Fact Check: U.S. LNG Provides Reliable, Lower-Emissions Energy For the World
Whether you want to call it natural gas, methane gas or something else, the fact remains that U.S. liquefied natural gas (LNG) is providing needed, reliable energy across the globe, and helping to reduce emissions and improve the health of communities in the process.
In a recent opinion piece, “Keep It In the Ground” group Rainforest Action Network, calls for banks to “stop financing any fossil fuel expansion, especially deceptive methane gas projects,” citing examples like India and Europe in its fear-mongering and misinformed rationale.
EID has discussed numerous times the role that U.S. LNG has played in Europe’s energy security, particularly over the last year as the impacts of rising demand amidst a backdrop of Russian sanctions and the war in Ukraine hit the European Union and United Kingdom.
Likewise in India, the country is facing growing energy demand and trying to improve access to electricity and clean cooking fuels. That includes increasing the share of renewables in its energy mix – it’s currently 80 percent coal, oil and biomass – as well as importing LPG (liquefied propane gas) to reduce harmful indoor air pollutants from currant widespread cooking practices. This is a complex challenge, but the combination of renewable energy and natural gas is already helping provide “secure, affordable and sustainable energy,” according to the International Energy Agency. IEA explains:
“India has also been prioritizing access to electricity and clean cooking. Progress in both have been remarkable: 700 million people gained access to electricity since 2000, and 80 million new LPG connections for clean cooking were created. The Government of India is continuing to focus on providing secure, affordable and sustainable energy, while achieving its ambitious renewable energy targets and reducing local air pollution.”
Here’s a few more key facts on U.S. LNG:
FACT: Natural gas will be needed for the long-haul.

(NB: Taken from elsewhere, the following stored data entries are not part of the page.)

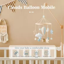 - Whimsical Design: Adorable cloud and hot air balloon plush toys hang gently above your baby, creating a dreamy atmosphere.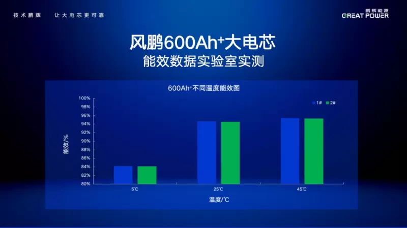 根据实验室实测数据,目前阶段风鹏600Ah+大电芯已实现全温域高能效,在5℃时,能效超84%;25℃时,能效超94.5%;45℃时,能效接近96%。同时,随着研发体系持续迭代,风鹏大电芯能效数据有望持续跃升。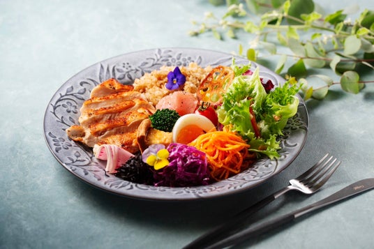 香ばしく焼き上げたチキンに、栄養がたっぷり詰まった色とりどりのサラダ「虹色野菜」と、胚芽部分が通常より3倍もある、GABAやビタミンE、食物繊維などの栄養素が豊富な高機能玄米「金のいぶき」を添えました。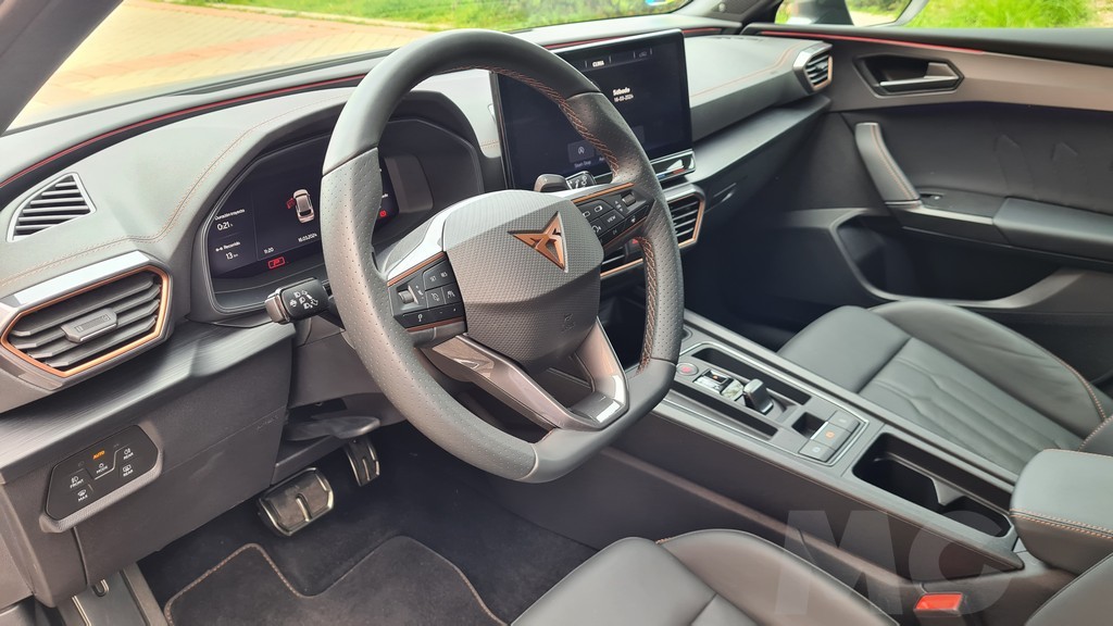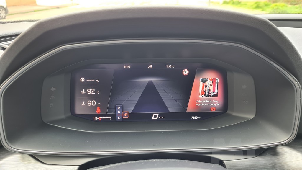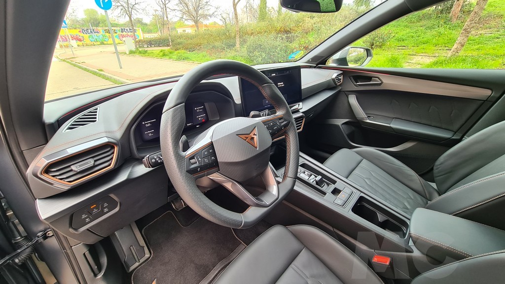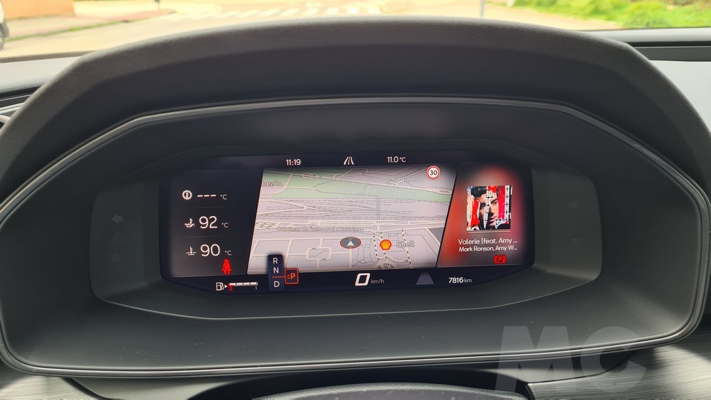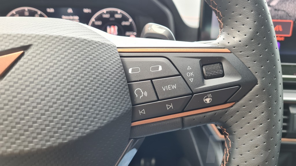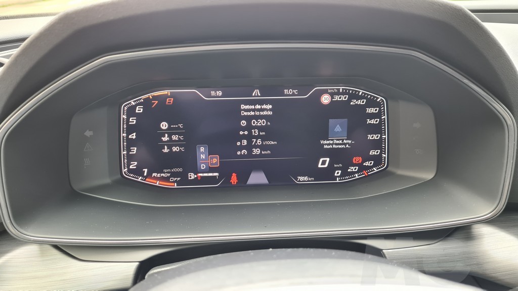 La instrumentación tras el volante consiste en el sistema Digital Cockpit, una pantalla de 10,25 pulgadas y es configurable para mostrar los datos que más nos interesen en el formato que más nos guste. En el caso de la versión de Cupra dispone además de datos específicos para la conducción deportiva como el valor de la aceleración longitudinal y transversal o la presión del sistema de sobrealimentación del motor. También permite mostrar en esta vista de conducción deportivoa la potencia entregada en todo momento por el sistema de propulsión.
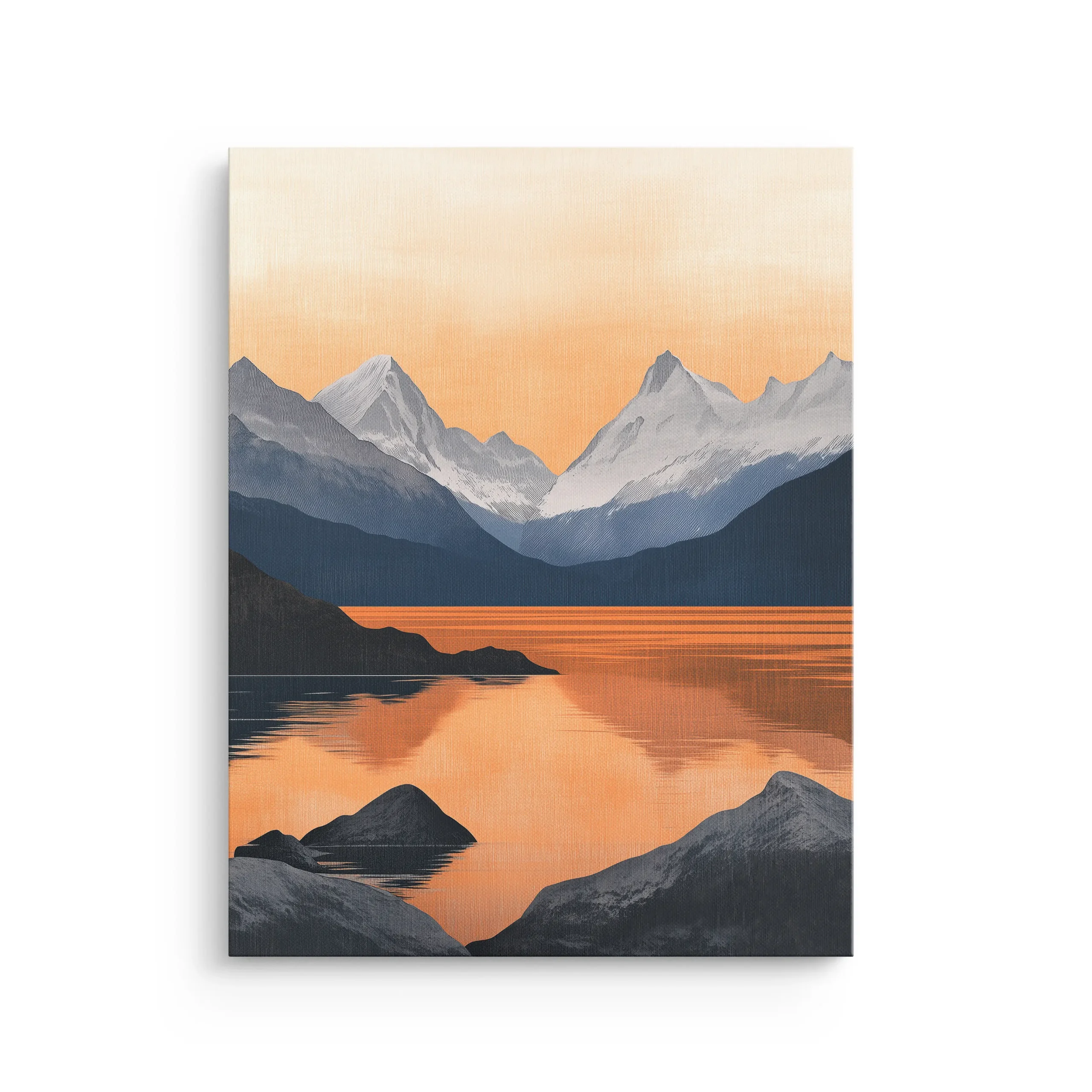 Soft alpine peaks fade into cool blues while a warm sunset glow stretches across still water, creating a quiet reflection that feels both Nordic and Japandi.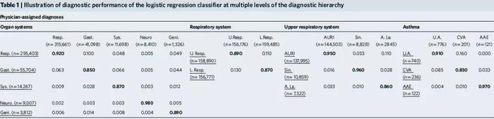 不常见的疾病的确诊率也很高:急性哮喘(97%)、细菌性脑膜炎和水痘(93%)以及单核细胞增多症(90%)。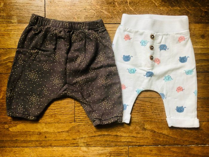 Lot de deux pantalons type sarouels Taille 1 mois: - un pantalon confortable gris-taupe marque Kiabi - un pantalon blanc avec des éléphants colorés marque Gémo Très bon état
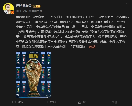 12月06日讯 2026年世界杯小组赛抽签已经结束,评述员詹俊在微博点评道: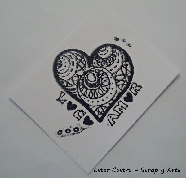 En un pedacito de papel canson (dibujo) estampamos el diseño del sello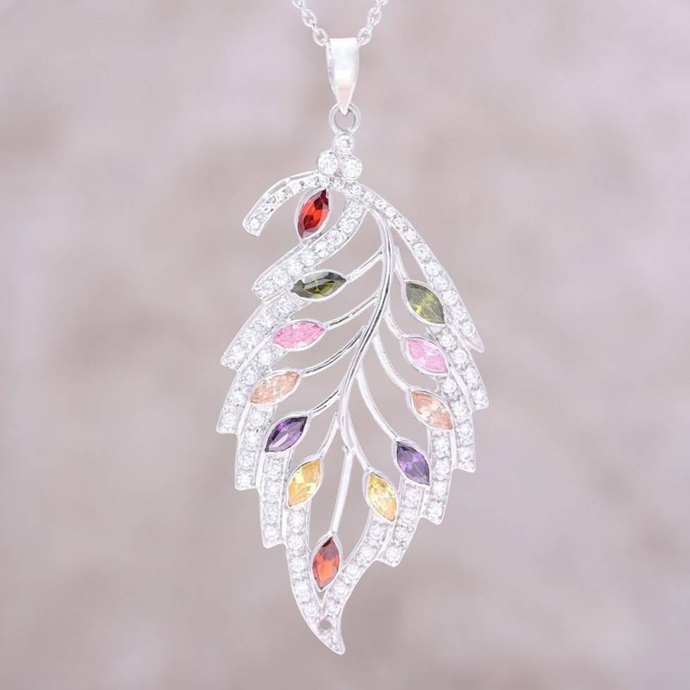 Colorful Rhodium Plated Sterling Silver Leaf Necklace 'Glittering Leaf' Item ID: 2671792489

RAN calls for banks to stop financing LNG terminals, despite the increasing need for investment to ensure energy security in importing nations. A recent IEA report underscores the need for continued LNG investment to meet demand, and nations like Japan are promoting natural gas in their quests for carbon neutrality.
Japanese industry minister Yasutoshi Nishimura recently told the LNG Producer-Consumer Conference in Tokyo:
“We must accelerate energy transition and within that transition, LNG plays an extremely important role.”
In the United States, the transition to more natural gas in the power sector has drastically reduced emissions.
As U.S. Energy Information Administration (EIA) data show:
“From 2016 to 2020, the carbon intensity of U.S. power generation fell 18 percent, driven by a shift in the U.S. electricity generation mix away from coal and toward natural gas and renewables.” (emphasis added)
FACT: The U.S. natural gas and oil industry is strives to provide the cleanest natural gas in the world.
Lost in the opinion piece are the steps and work that the domestic industry has taken to ensure that U.S. oil and natural gas is among the cleanest in the world.
Here are a few examples:
1. The Natural Gas STAR program, a partnership with U.S. oil and gas operations to implement methane reducing technologies and practices and document their voluntary emission reduction activities. As of November 2021, program participants have reduced 72 trillion cubic feet of methane emissions.
2. The Environmental Partnership, a growing coalition that works to continuously improve the oil and natural gas industry’s environmental performance through technically feasible and commercially proven solutions that will result in significant emissions reductions.
3. The Methane Challenge Partners, a program to challenge participants to make ambitious commitments to reduce their methane emissions through the program’s two commitment options: the Best Management Practice (BMP) Commitment Option and the ONE Future Emissions Intensity Commitment Option.
The national efforts are enhanced by companies along the natural gas and LNG supply chain who are making individual efforts in their areas to reduce emissions and impacts of their facility.
For example, to meet the demand for low carbon intensive LNG, NextDecade is targeting production of low carbon intensive LNG with the use of carbon capture, and working with leading producers to supply responsibly sourced gas. In addition to designing their Rio Grande LNG project to meet or exceed all the strict environmental and regulatory requirements, NextDecade is working closely with city partners and the local community, as well as establishing an expansive conservation effort five times the size of their Rio Grande LNG export facility.
Their effort will ensure that nations like Japan and European countries have access to verifiably low carbon intensity resources from a company that is conscious about their operations, a benefit that is only available from American natural gas suppliers.
Bottom Line: The U.S. oil and natural gas industry is providing reliable, affordable and sustainable energy across the globe – regardless of what you call the resource.